Oklahoma has recently made improvements in this mental health transport process, but law enforcement is still burdened with managing far too much of Oklahoma's mental health and crisis response. Each week numerous law enforcement labor hours are still spent shuttling people to find open treatment beds in some counties. This is only necessary because Oklahoma’s policymakers have failed to adequately invest in mental health and addiction services. The Department of Mental Health reports that current funding only supports treatment for one in three Oklahomans in need of significant mental health or addiction care. This means hundreds of thousands of Oklahomans are not being served by the status quo. Racial disparities in access to care have exacerbated disparities in criminal legal system outcomes for communities of color as well. Data shows that individuals with untreated mental illness are 16 times more likely to be killed by law enforcement. 

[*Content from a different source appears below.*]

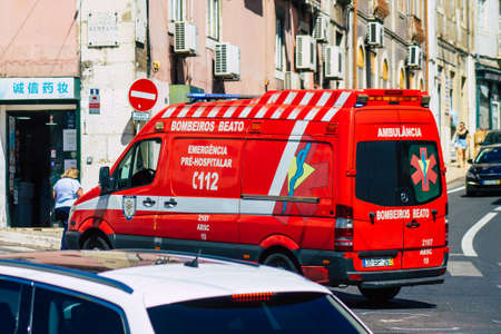 Lisbon Portugal july 28, 2020 View of a traditional ambulance rolling fast through the streets of Lisbon, the hilly coastal capital city of Portugal and one of the oldest cities in Europe

In 2023, Oklahoma’s lawmakers have a historic opportunity to make the single largest investment in local mental health and addiction resources ever seen in the state. Policymakers could accomplish this simply by finally funding the State Question 781 fund. The impact of this investment on not only communities of color, but low income rural communities could represent a positive generation altering sea-change in crime reduction and preventative care. This would allow law enforcement to focus on their jobs and allow communities to actually begin to resolve the root causes of these issues.

The Path Forward

Black Americans like all Americans want safe communities for themselves and their families. As a Black American myself I want to be able to trust law enforcement, but in all honesty I’m not there yet. I believe that most police officers join the force with a real desire to serve their communities and to help people, but none of that matters if the communities you serve can’t trust you. None of that matters if the historic structure of law enforcement is designed to produce disproportionate impact on certain zip codes. In this difficult moment it’s critical that leaders listen beyond the partisan noise and name calling that have rendered so much of American politics useless in 2023. I believe that we can fix this problem. The first step is admitting that trust is crucial for the effectiveness of a public institution like the police and that it is not only the responsibility of Black Americans to create that trust. Building that trust has to be a genuine goal for policymakers and police.